→ **WHAT IS REQUIRED**
Restate word for word the lines in the listing below, starting at the line containing "A loft-inspired restaurant" and ending at the line containing "Díky pevným materiálům, preciznímu", both included; leave out the rest.

→ **DATA FOR THIS EXERCISE**
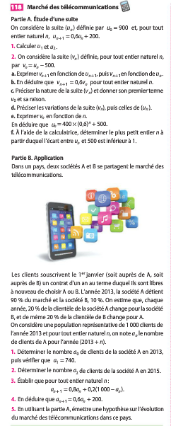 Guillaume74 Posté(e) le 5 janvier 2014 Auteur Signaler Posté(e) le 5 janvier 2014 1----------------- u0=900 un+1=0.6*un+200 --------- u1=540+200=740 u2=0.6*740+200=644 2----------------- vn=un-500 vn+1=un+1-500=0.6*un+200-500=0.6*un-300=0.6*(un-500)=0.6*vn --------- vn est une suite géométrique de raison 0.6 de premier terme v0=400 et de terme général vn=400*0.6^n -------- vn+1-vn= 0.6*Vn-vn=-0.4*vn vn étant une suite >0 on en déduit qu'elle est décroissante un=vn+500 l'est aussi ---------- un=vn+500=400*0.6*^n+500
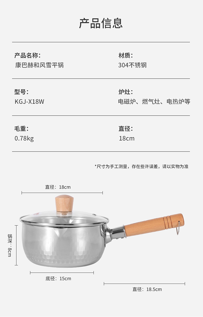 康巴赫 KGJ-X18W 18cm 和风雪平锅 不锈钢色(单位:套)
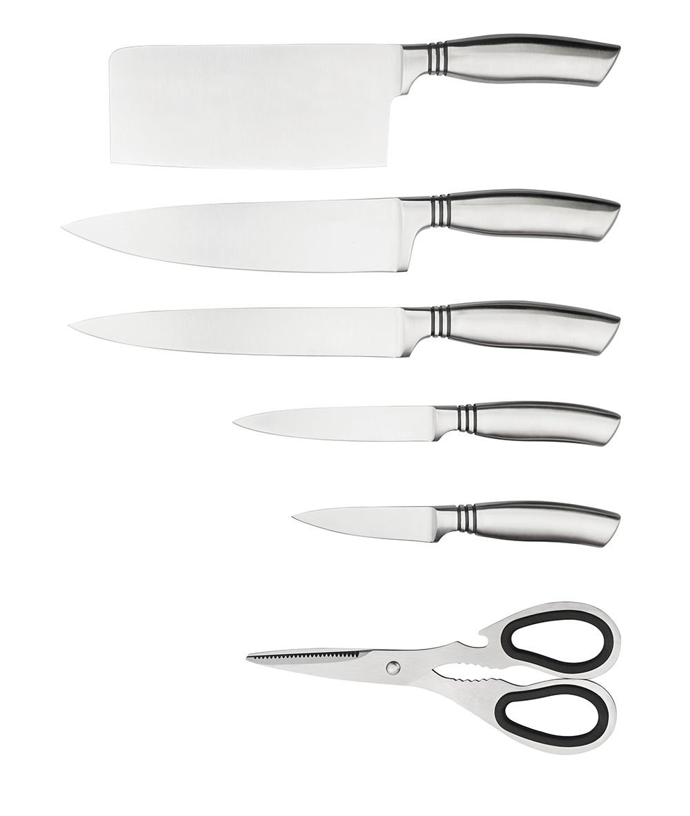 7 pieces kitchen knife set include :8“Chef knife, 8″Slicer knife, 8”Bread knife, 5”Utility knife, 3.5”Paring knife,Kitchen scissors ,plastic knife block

...

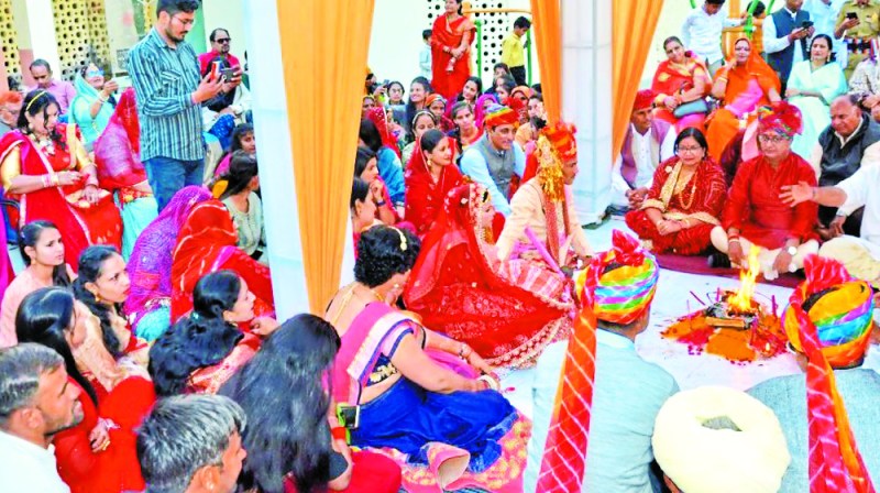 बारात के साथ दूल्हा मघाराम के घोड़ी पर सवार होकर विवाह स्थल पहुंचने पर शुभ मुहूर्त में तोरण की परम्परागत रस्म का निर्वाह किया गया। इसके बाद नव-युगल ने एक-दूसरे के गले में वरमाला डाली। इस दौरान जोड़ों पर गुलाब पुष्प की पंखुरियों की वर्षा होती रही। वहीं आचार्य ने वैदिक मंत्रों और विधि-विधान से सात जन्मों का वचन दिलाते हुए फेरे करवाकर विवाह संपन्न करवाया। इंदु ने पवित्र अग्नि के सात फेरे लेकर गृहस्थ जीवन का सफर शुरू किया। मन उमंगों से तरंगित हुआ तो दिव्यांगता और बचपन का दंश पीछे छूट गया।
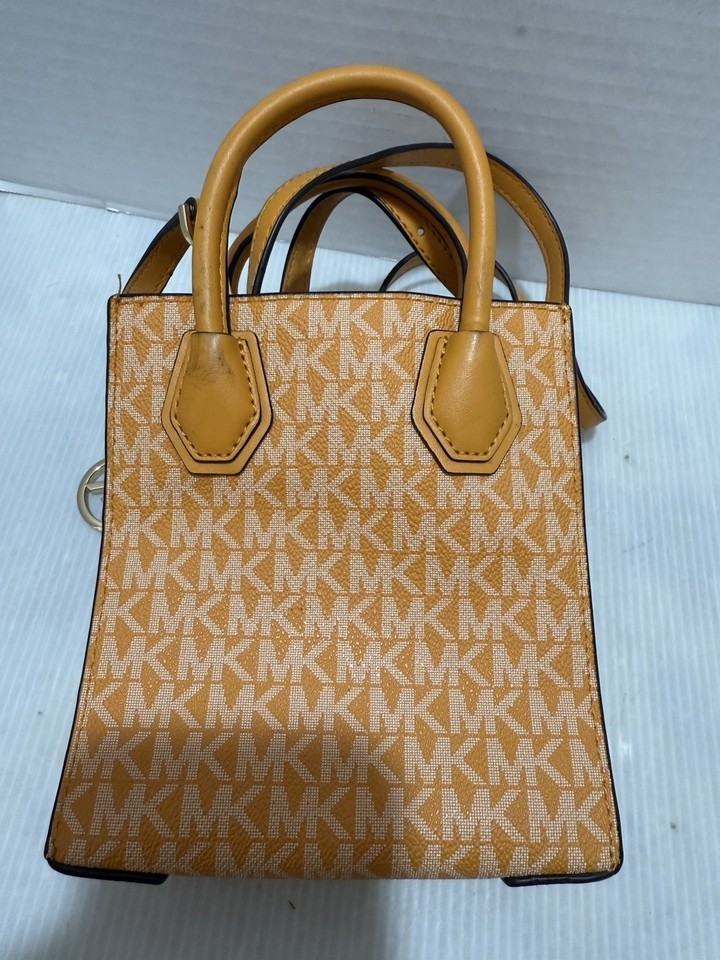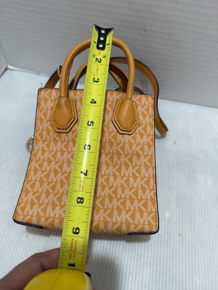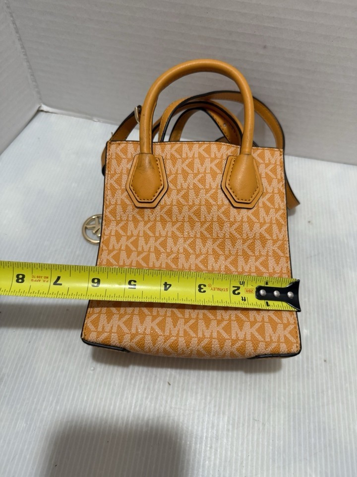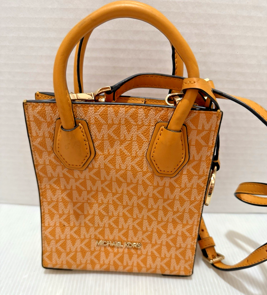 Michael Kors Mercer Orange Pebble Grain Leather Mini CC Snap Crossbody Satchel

---

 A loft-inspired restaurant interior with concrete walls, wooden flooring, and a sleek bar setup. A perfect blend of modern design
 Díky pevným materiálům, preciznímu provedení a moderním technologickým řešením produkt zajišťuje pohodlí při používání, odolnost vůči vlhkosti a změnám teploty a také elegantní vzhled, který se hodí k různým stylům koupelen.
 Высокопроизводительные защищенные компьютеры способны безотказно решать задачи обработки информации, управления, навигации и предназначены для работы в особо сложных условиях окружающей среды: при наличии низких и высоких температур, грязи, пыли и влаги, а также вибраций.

→ **REPLY**
 A loft-inspired restaurant interior with concrete walls, wooden flooring, and a sleek bar setup. A perfect blend of modern design
 Díky pevným materiálům, preciznímu provedení a moderním technologickým řešením produkt zajišťuje pohodlí při používání, odolnost vůči vlhkosti a změnám teploty a také elegantní vzhled, který se hodí k různým stylům koupelen.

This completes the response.